“I remember a cartoon depicting a chimney sweep falling from the roof of a tall building and noticing on the way that a sign-board had one word spelled wrong, and wondering in his headlong flight why nobody had thought of correcting it. In a sense, we all are crashing to our death from the top story of our birth to the flat stones of the churchyard and wondering with an immortal Alice in Wonderland at the patterns of the passing wall. This capacity to wonder at trifles — no matter the imminent peril — these asides of the spirit, these footnotes in the volume of life are the highest forms of consciousness, and it is in this childishly speculative state of mind, so different from common sense and its logic, that we know the world to be good.” – Strong Opinions, Vladimir Nabokov
The Public Gardens is a short walk from home and for decades I photographed the Gardens in a desultory way – trying on someone else’s subject matter, convinced that my own photographic imagination wouldn’t take root in a carefully tended Victorian garden. Eventually, the Public Gardens became not just an unavoidable neighbour but an irresistible puzzle.
As a young photographer, I preferred a soft light shining on an unambiguous subject.
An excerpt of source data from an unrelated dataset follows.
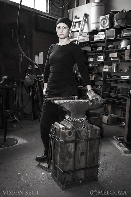 Hazel works in all things metal. Beginning in 1999, after learning some basics from a friend then working for others in the metalworking field, she eventually opened her own shop producing decorative railings and home furnishings as well as jewelry and art. Since youth, she loved knives and weapons of all kinds, yet lost sight of the interest due to the city life. After many years making items for the home, she discovered the bladesmithing school Studio4 right next door to her Seattle shop. She has since completely fallen in love with the making of knives and now centers her work around furthering these skills and developing this passion into a full-time custom blade studio. |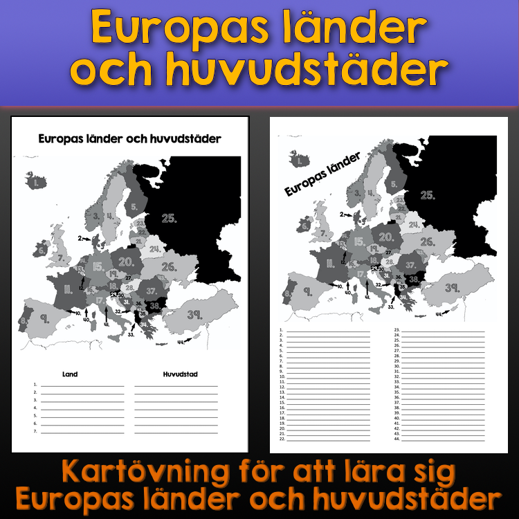 Det här arbetsbladet utmanar eleverna att förbättra sina geografiska kunskaper genom att placera Europas länder och deras huvudstäder på en numrerad karta. Genom denna övning kommer de att stärka sin förståelse för geografiska platser och förbättra sina minnes- och kartläsningsfärdigheter.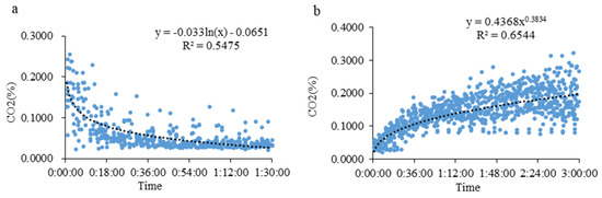 According to the variation in the CO2 concentration obtained from this analysis, the gas data from the light-controlled goat house from 9:30 to 11:00 and 16:30 to 19:30 were extracted. The results show that the change in the CO2 concentration in the goat house in the treatment group after the light period began at 9:30 accords with the logarithmic function: Y = −0.033 ln(X) − 0.0651 (X indicates the time after opening the door; Y indicates the concentration of CO2; Figure 3a). The change in the CO2 concentration after 16:30 accords with the power function relationship: Y = 0.4368X0.3834 (X indicates the time after closing the door; Y indicates the concentration of CO2; Figure 3b).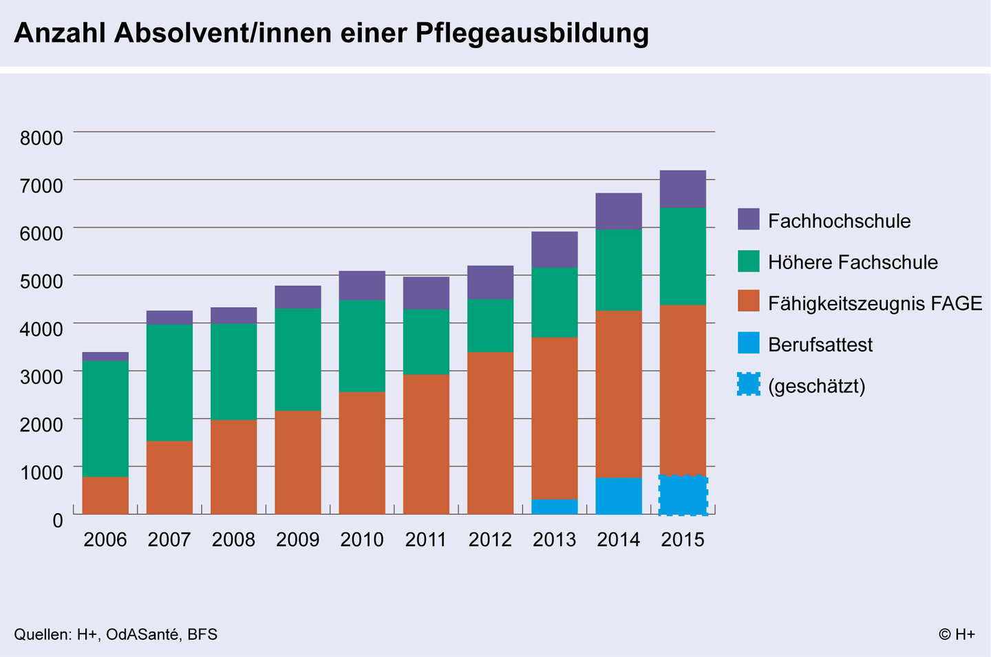 Die Zahl der Ausbildungsabschlüsse für Pflegeberufe hat sich zwischen 2006 und 2015 mehr als verdoppelt (+115%), von 3‘390 auf 7‘275. Die grösste Gruppe bildet die Fachperson Gesundheit (FAGE), die 2015 3‘650 Abschlüsse verzeichnete (50%). Dahinter Höheren Fachschule Pflege (HF) mit 2‘050 (28%), Assistentin Gesundheit und Soziales (AGS/ Berufsattest) mit – geschätzten – 790 (11%) und der Fachhochschule Pflege (FH) mit 785 (11%) Abschlüssen.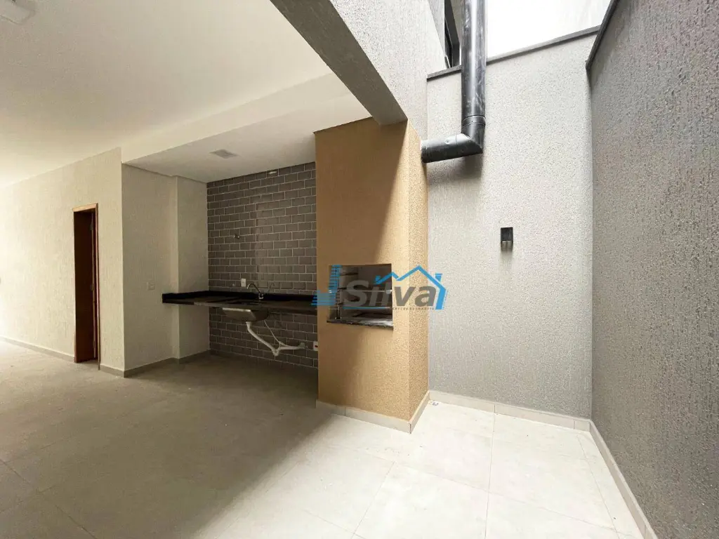 Aproximadamente 126m² de área construída, estrutura moderna e diferenciada, acabamentos e revestimentos de primeira todo no porcelanatos e granito, teto rebaixado em forro drywall, quintal com área gourmet com churrasqueira e pia, esquadrias pretas, portão automatico.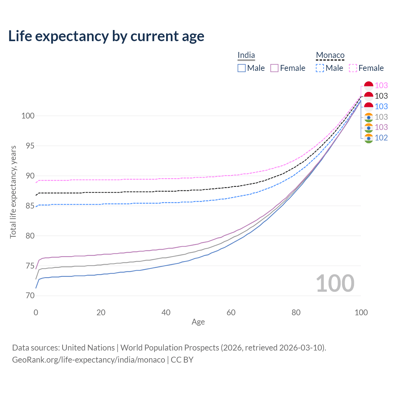 This life expectancy calculator shows the odds of living to 100, 95, 90, and below based on current age for both males and females in India and Monaco, along with mean and median age of death. The calculations are based on the 2026 life tables (actuarial tables) from the UN World Population Prospects.

An old photographer now, I make pictures that more closely match my temperament and my time: pictures full of stuff competing for attention, pictures with some things close at hand and other things out of reach, pictures of solid things alongside fugitive shadows, crisp facts and dark shapes, . . .
When I worked on “A Nova Scotia Archive”, I was describing a fragile built landscape that was at risk due to greed and neglect. In 2019, that same negligence can make a picture of a sunlit tree look like both a gift and a warning.